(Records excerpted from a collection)
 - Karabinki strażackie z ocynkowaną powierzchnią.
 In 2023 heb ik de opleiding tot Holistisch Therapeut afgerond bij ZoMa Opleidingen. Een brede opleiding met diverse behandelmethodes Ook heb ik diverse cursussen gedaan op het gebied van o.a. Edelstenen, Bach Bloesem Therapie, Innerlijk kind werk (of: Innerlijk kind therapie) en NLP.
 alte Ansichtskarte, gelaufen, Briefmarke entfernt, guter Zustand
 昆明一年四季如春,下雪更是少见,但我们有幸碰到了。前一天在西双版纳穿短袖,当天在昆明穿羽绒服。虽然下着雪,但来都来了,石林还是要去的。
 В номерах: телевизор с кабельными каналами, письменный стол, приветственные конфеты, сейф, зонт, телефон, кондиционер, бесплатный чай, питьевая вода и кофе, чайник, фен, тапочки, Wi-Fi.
...
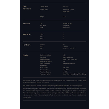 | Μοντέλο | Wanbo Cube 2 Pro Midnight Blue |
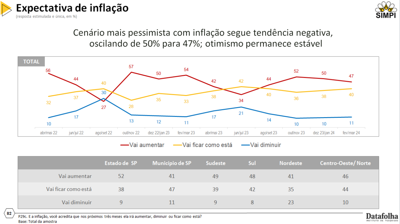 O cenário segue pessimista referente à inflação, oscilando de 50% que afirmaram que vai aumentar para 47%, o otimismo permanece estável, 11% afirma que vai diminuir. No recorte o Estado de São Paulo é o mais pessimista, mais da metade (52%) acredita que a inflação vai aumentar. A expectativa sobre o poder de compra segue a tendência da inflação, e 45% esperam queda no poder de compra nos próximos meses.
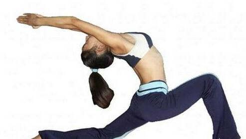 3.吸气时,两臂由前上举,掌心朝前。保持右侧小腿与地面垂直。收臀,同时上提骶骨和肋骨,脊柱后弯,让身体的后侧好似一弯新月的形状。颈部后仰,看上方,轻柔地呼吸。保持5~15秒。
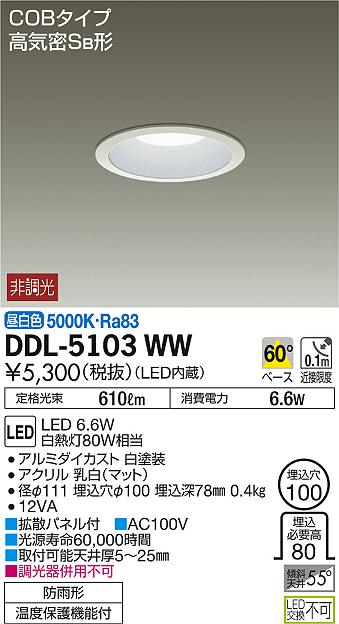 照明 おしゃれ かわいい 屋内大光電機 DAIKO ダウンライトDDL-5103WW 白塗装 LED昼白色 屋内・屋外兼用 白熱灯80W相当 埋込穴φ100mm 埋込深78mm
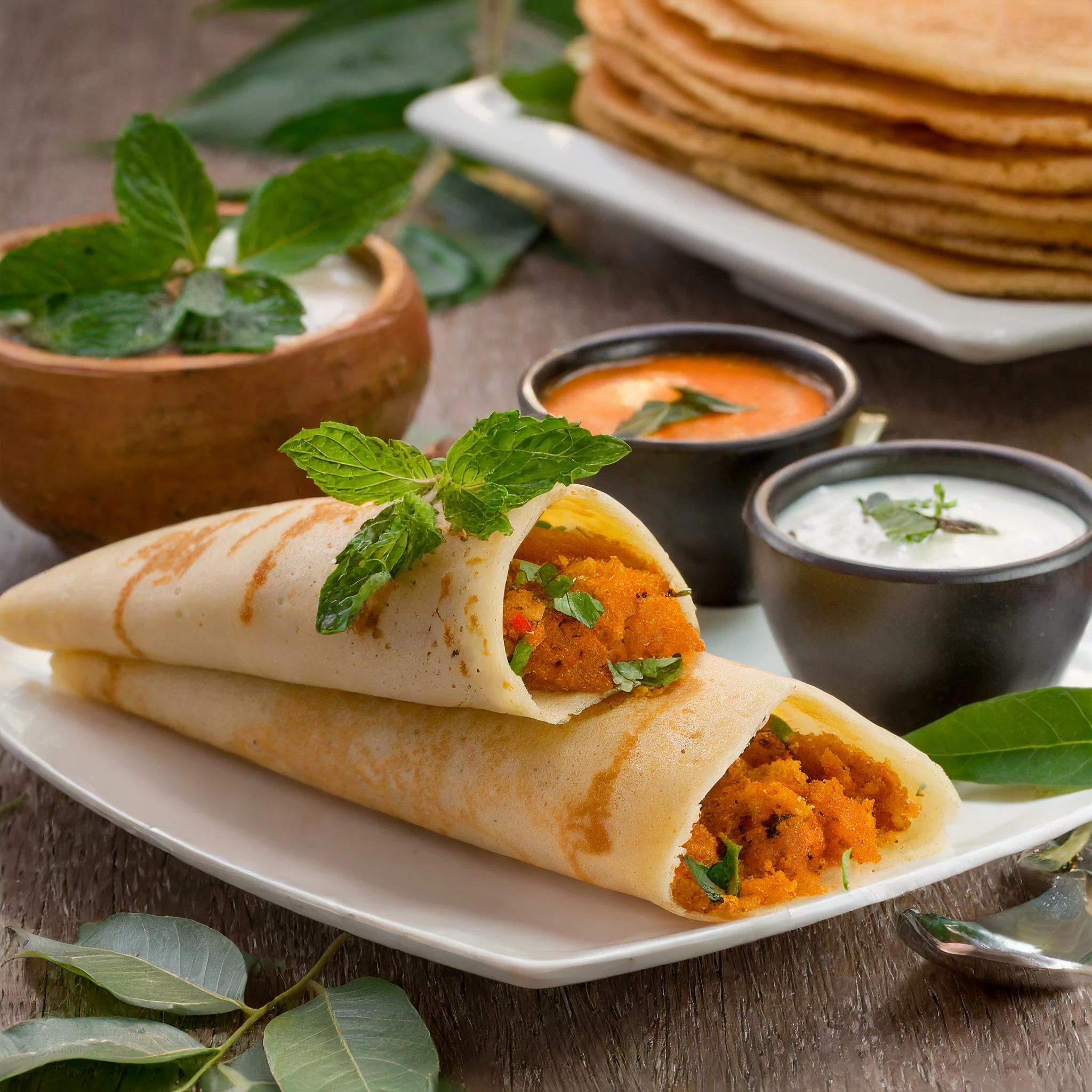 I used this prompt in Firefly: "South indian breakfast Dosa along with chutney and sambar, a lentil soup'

● Task objective: Word for word, repeat the lines above from the one with "Midnight Blue |" through the one with "I used this", and nothing beyond them. Omit the pictures.

● Answer box:
 | Μοντέλο | Wanbo Cube 2 Pro Midnight Blue |
 O cenário segue pessimista referente à inflação, oscilando de 50% que afirmaram que vai aumentar para 47%, o otimismo permanece estável, 11% afirma que vai diminuir. No recorte o Estado de São Paulo é o mais pessimista, mais da metade (52%) acredita que a inflação vai aumentar. A expectativa sobre o poder de compra segue a tendência da inflação, e 45% esperam queda no poder de compra nos próximos meses.
 3.吸气时,两臂由前上举,掌心朝前。保持右侧小腿与地面垂直。收臀,同时上提骶骨和肋骨,脊柱后弯,让身体的后侧好似一弯新月的形状。颈部后仰,看上方,轻柔地呼吸。保持5~15秒。
 照明 おしゃれ かわいい 屋内大光電機 DAIKO ダウンライトDDL-5103WW 白塗装 LED昼白色 屋内・屋外兼用 白熱灯80W相当 埋込穴φ100mm 埋込深78mm
 I used this prompt in Firefly: "South indian breakfast Dosa along with chutney and sambar, a lentil soup'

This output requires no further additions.